**Work order**
Nothing outside the range is wanted. Repeat exactly the lines below from the one with "もみじ🍁は綺麗だけど、散った葉の掃除🧹が・・・しかも大木。 ご苦労様(^。^)" through the one with "Personil Siwas Polres".

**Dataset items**
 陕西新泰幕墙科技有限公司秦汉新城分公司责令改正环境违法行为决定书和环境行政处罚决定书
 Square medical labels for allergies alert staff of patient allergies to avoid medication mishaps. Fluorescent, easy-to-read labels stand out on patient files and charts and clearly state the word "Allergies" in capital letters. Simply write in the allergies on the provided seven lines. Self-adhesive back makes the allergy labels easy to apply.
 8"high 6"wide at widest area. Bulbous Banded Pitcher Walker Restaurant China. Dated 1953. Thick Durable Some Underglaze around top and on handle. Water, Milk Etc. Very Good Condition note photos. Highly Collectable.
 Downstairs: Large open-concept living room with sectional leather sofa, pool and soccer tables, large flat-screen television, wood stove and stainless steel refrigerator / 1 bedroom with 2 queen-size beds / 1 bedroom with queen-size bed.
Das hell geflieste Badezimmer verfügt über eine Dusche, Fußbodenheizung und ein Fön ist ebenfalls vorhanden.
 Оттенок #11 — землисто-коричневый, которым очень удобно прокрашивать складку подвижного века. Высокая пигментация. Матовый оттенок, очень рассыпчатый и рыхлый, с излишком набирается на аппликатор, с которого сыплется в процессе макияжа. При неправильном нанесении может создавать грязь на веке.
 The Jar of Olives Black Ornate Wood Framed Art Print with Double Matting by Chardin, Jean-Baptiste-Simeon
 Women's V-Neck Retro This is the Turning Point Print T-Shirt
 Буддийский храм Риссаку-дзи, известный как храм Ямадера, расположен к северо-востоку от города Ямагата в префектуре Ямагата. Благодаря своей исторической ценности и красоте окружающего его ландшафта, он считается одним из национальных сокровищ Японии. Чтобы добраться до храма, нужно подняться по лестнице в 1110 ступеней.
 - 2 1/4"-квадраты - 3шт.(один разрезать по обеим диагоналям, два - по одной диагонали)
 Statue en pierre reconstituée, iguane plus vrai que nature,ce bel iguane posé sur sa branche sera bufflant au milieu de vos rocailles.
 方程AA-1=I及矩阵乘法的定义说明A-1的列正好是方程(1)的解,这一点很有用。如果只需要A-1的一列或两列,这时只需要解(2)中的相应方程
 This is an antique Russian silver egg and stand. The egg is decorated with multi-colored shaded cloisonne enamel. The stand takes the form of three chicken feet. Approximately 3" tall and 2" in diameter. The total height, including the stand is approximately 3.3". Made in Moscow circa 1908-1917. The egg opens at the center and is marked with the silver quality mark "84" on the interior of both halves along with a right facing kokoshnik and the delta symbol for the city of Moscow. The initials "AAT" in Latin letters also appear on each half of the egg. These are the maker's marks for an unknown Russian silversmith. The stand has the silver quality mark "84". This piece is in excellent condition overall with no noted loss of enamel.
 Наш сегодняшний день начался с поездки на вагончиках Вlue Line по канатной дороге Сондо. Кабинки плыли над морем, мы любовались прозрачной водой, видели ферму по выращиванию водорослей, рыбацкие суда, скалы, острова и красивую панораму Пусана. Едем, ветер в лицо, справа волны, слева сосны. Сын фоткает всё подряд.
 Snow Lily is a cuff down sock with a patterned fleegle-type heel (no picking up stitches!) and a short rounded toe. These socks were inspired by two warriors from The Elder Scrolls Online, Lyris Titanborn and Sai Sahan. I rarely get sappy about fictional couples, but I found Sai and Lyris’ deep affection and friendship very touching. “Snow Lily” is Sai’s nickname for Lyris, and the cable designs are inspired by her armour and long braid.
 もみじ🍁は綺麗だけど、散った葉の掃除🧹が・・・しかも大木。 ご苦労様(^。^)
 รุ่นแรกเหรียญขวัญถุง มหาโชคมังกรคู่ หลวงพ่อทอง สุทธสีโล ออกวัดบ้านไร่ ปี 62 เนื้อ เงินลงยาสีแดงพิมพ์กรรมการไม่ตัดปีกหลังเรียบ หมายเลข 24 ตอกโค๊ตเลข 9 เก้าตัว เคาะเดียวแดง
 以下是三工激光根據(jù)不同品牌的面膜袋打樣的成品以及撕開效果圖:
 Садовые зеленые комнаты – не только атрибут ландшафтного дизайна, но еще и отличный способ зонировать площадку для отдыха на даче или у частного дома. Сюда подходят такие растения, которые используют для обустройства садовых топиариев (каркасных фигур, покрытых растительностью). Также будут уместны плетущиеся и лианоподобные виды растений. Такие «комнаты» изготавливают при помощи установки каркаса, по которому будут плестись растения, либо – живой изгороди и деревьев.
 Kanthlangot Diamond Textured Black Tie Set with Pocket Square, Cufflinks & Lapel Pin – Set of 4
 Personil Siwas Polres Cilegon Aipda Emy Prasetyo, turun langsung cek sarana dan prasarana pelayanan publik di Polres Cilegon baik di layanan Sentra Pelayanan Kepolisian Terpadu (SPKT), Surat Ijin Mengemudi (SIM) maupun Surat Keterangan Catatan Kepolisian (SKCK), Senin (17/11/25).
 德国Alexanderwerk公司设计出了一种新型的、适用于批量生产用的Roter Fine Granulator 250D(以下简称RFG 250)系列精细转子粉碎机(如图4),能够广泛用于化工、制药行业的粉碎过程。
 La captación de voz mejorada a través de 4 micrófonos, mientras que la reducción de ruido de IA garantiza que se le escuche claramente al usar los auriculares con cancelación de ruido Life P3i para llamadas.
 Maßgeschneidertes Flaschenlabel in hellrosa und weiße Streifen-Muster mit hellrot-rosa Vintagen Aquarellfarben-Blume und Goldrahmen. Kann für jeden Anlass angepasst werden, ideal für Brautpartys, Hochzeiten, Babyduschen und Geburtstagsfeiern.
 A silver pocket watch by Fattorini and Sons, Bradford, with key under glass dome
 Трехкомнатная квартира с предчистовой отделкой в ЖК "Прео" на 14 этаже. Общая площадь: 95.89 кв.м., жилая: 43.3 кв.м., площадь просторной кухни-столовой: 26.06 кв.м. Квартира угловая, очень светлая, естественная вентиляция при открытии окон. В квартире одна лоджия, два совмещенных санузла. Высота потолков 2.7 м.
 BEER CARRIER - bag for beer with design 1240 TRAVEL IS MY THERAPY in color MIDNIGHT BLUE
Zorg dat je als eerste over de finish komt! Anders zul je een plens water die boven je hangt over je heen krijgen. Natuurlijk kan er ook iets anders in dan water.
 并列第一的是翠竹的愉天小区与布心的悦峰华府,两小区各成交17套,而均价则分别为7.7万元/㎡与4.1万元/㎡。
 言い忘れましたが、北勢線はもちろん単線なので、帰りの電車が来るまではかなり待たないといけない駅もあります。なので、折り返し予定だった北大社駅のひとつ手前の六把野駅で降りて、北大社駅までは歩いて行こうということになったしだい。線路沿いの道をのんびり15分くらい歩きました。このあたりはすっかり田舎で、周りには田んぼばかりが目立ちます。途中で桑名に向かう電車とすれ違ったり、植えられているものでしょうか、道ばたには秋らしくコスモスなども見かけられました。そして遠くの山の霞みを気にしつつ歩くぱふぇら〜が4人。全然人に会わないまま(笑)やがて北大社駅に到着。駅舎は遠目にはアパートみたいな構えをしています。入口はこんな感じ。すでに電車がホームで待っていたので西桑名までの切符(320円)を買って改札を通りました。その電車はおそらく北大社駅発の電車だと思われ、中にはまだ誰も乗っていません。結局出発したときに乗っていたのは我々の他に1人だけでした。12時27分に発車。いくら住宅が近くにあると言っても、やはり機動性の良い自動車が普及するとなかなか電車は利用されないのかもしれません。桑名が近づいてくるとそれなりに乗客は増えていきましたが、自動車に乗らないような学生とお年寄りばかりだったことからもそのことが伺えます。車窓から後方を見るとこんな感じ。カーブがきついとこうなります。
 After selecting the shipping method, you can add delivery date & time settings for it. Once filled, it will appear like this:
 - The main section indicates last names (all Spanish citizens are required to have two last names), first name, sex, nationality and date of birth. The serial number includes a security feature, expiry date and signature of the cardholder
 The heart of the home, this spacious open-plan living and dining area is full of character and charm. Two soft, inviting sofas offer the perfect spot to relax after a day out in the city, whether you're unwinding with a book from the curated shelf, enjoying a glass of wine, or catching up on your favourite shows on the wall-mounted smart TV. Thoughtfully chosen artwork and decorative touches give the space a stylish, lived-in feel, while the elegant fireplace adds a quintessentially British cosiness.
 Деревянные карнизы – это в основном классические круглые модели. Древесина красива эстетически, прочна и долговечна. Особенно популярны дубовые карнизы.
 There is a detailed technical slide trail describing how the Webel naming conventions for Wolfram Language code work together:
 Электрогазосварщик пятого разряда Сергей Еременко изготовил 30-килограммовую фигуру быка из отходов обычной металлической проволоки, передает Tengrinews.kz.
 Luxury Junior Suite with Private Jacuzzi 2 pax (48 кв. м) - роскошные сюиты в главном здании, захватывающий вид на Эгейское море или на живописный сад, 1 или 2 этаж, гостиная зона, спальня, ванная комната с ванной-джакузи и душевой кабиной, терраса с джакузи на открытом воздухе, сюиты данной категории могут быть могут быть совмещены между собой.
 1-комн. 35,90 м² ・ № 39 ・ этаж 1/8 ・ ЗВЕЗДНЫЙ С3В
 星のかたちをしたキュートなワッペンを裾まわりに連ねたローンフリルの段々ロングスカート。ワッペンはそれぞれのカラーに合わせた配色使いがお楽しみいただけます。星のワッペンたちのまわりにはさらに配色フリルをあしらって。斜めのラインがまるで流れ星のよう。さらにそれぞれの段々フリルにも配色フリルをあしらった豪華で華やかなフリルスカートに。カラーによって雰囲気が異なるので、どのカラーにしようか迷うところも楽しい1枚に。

**Written answer**
 もみじ🍁は綺麗だけど、散った葉の掃除🧹が・・・しかも大木。 ご苦労様(^。^)
 รุ่นแรกเหรียญขวัญถุง มหาโชคมังกรคู่ หลวงพ่อทอง สุทธสีโล ออกวัดบ้านไร่ ปี 62 เนื้อ เงินลงยาสีแดงพิมพ์กรรมการไม่ตัดปีกหลังเรียบ หมายเลข 24 ตอกโค๊ตเลข 9 เก้าตัว เคาะเดียวแดง
 以下是三工激光根據(jù)不同品牌的面膜袋打樣的成品以及撕開效果圖:
 Садовые зеленые комнаты – не только атрибут ландшафтного дизайна, но еще и отличный способ зонировать площадку для отдыха на даче или у частного дома. Сюда подходят такие растения, которые используют для обустройства садовых топиариев (каркасных фигур, покрытых растительностью). Также будут уместны плетущиеся и лианоподобные виды растений. Такие «комнаты» изготавливают при помощи установки каркаса, по которому будут плестись растения, либо – живой изгороди и деревьев.
 Kanthlangot Diamond Textured Black Tie Set with Pocket Square, Cufflinks & Lapel Pin – Set of 4
 Personil Siwas Polres Cilegon Aipda Emy Prasetyo, turun langsung cek sarana dan prasarana pelayanan publik di Polres Cilegon baik di layanan Sentra Pelayanan Kepolisian Terpadu (SPKT), Surat Ijin Mengemudi (SIM) maupun Surat Keterangan Catatan Kepolisian (SKCK), Senin (17/11/25).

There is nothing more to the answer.